There was an early start to the Peak District on Friday for some work with the Heather Trust. The 6:15 train from Dumfries is something like the waiting room for the afterlife, populated by lost souls who fell once fell asleep on a train in Glasgow and then slipped between the seats when the cleaners came round. Now conscious and owl-eyed, they populate the two carriages like damned spirits, doomed to shuttle eternally between Gretna and Sanquhar.
The miserable trip was very much worth it, however, as it meant a morning spent with Geoff Eyre on his moorland near Edale. Geoff is something of a pioneer when it comes to moorland management, and although his extraordinary methods provoke a variety of reactions from conservationists and land managers, there’s no denying that he is a man who knows how to create quality moorland habitat.

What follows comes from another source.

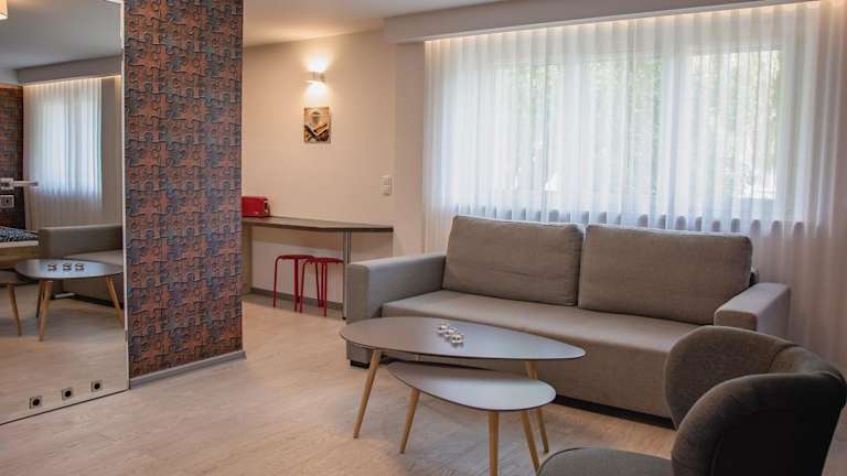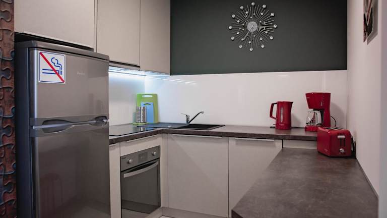 Das Apartment verfügt über ein Schlafzimmer und bietet Platz für eine komfortable Übernachtung. Die Küchenzeile ist gut ausgestattet mit einem Kühlschrank und einem Geschirrspüler. Das moderne Badezimmer verfügt über eine Dusche, einen Haartrockner und eine Waschmaschine. Handtücher und Bettwäsche werden gestellt, um Ihnen den Aufenthalt so angenehm wie möglich zu gestalten.

Turning white, uninteresting molinia grass into moorland populated by blue hares, golden plover (and even black grouse), the results of Geoff’s work are there for all to see. From my perspective, heather moorland is so much on the back foot in Britain that it’s wholly perverse to fret about methodologies. If you can turn white hills into black hills with little in the way of collateral damage, why don’t you get on with it?
The Peak District is currently the location of a new Heather Trust study into the effects of heather beetle, so while my trip was a bit of a whistle-stop tour, there will be more to come on a variety of bits and pieces relating to the area.